Chodzi o charakterystyczne dla patostremera drwiny - w klipie są z krzyża prawosławnego. Mówi on m.in. o co chodzi z tym krzyżem przekreślonym? Krzyż powinien być chyba taki normalny?.

Drwiny z religii

- Dotychczas ta różnorodność była naszą siłą i swego rodzaju towarem eksportowym. I nadal jesteśmy dumni z tego, że Podlasie skupia katolików, prawosławnych, muzułmanów, staroobrzędowców i protestantów. Wszyscy mieszkańcy tworzą barwną mozaikę kultur, tradycji i obrzędów, która stanowi unikatowy w skali Europy obraz.
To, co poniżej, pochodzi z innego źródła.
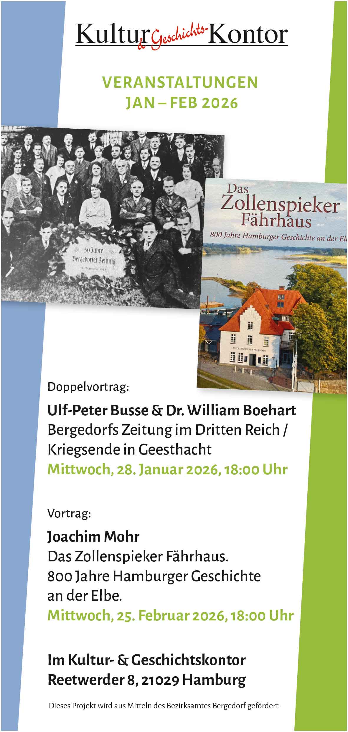 Am südlichsten Punkt des heutigen Hamburgs, direkt an der Elbe, liegt das Zollenspieker Fährhaus. Blutige mittelalterliche Kämpfe, berühmte Gäste, Zölle und Schiffe, europaweiter Handel, prunkvolle Feste, dramatische Fluten – der Ort war 800 Jahre lang ein bedeutendes Zentrum von Handel, Macht, Genuss und Kultur. Die Vortragsveranstaltung bettet die Geschichte des Zollenspieker Fährhauses in die Geschichte Hamburgs und Norddeutschlands ein.

Obraz, który i bez wątpliwej promocji obecnego zarządu województwa, jest interesujący dla przyjezdnych, w tym turystów. Dlatego z całą mocą podkreślam: nie ma naszej zgody na obrażanie uczuć religijnych, szyderstwa z któregokolwiek wyznania i kościoła - dodawał Krajewski.

Poseł PSL twierdzi, że takie promowanie regionu jak te w wykonaniu młodocianego youtubera nie jest potrzebne.
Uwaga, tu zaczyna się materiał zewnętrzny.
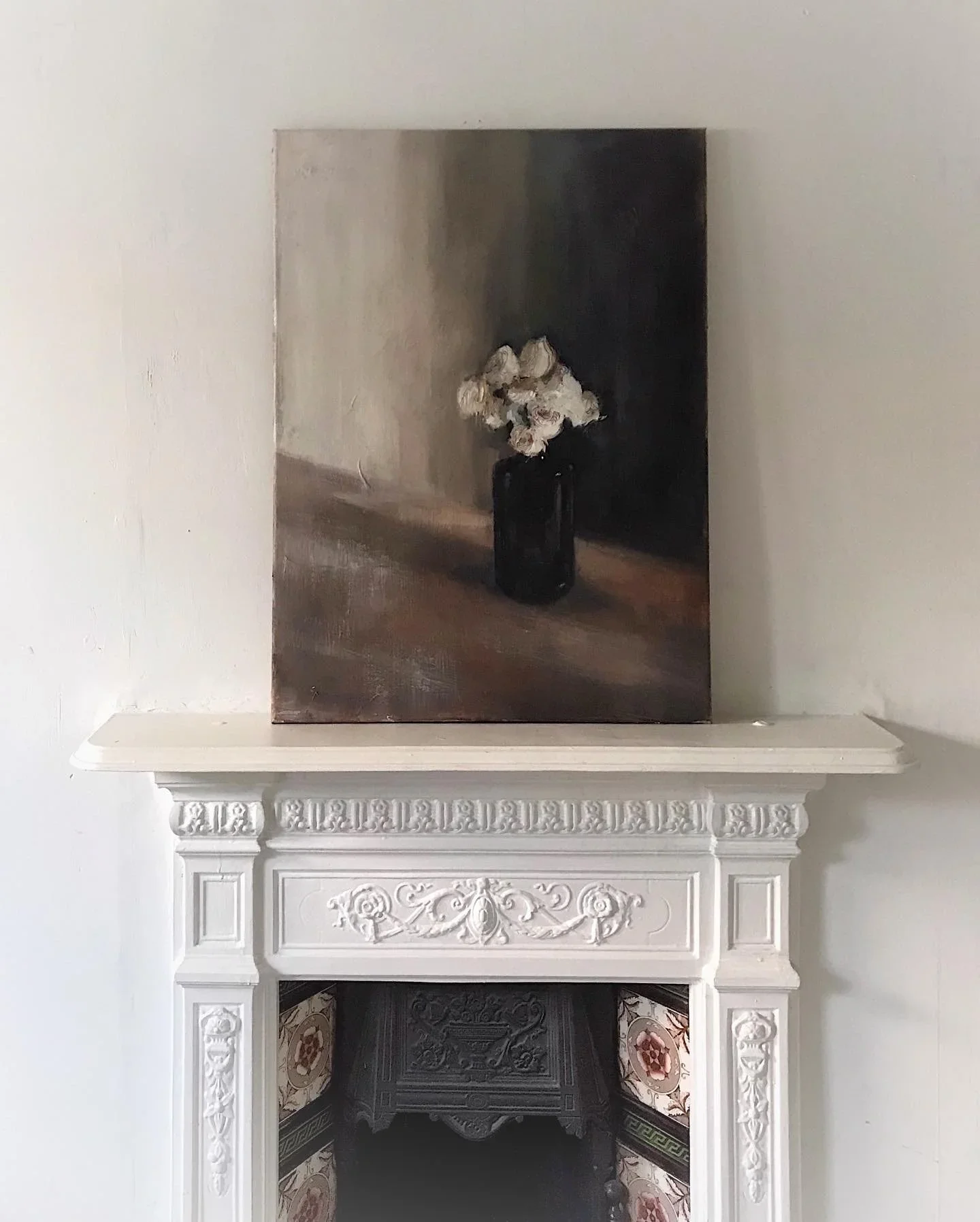 Painted during lockdown when flowers were sometimes the only company I had for hours. It was a deep appreciation of the thought behind them, left outside my front door, which prompted this painting. They are in an old Hendrick’s bottle which I think make beautiful vases.

- Podlaskie zawsze będzie bogactwem różnorodności, pomimo umysłowego ubóstwa niektórych regionalnych polityków, nierozumiejących własnego regionu - nie przebierał w słowach Stefan Krajewski.

Promocja czy antypromocja?

Urząd marszałkowski zapłacił youtuberowi 50 tys. zł. Gdy sprawa wyszła na jaw najpierw tłumaczono to w ten sposób: marszałek nie zlecał bezpośrednio filmu Lordowi Kruszwilowi, a zrobiła to agencja reklamowa, której płaci województwo. Za podpisanie umowy z agencją była odpowiedzialna osoba, która już nie pracuje w urzędzie.

Potem wicemarszałek województwa Stanisław Derehajło wypowiadał się w mediach twierdząc, że choć film jest kontrowersyjny nie to nie jest całkowitą porażką województwa, bo wcześniej nie udało się osiągnąć takich zasięgów i liczby wyświetleń. Tłumaczył, że ideą było to, by youtuber przyjechał na Podlasie i nie znalazł tu potwierdzenia memów. Przecież powiedział: miał być smród, brud i ubóstwo, nie znalazłem tego.

Stefan Krajewski zanim został posłem w latach 2015-2018 sam był członkiem zarządu województwa.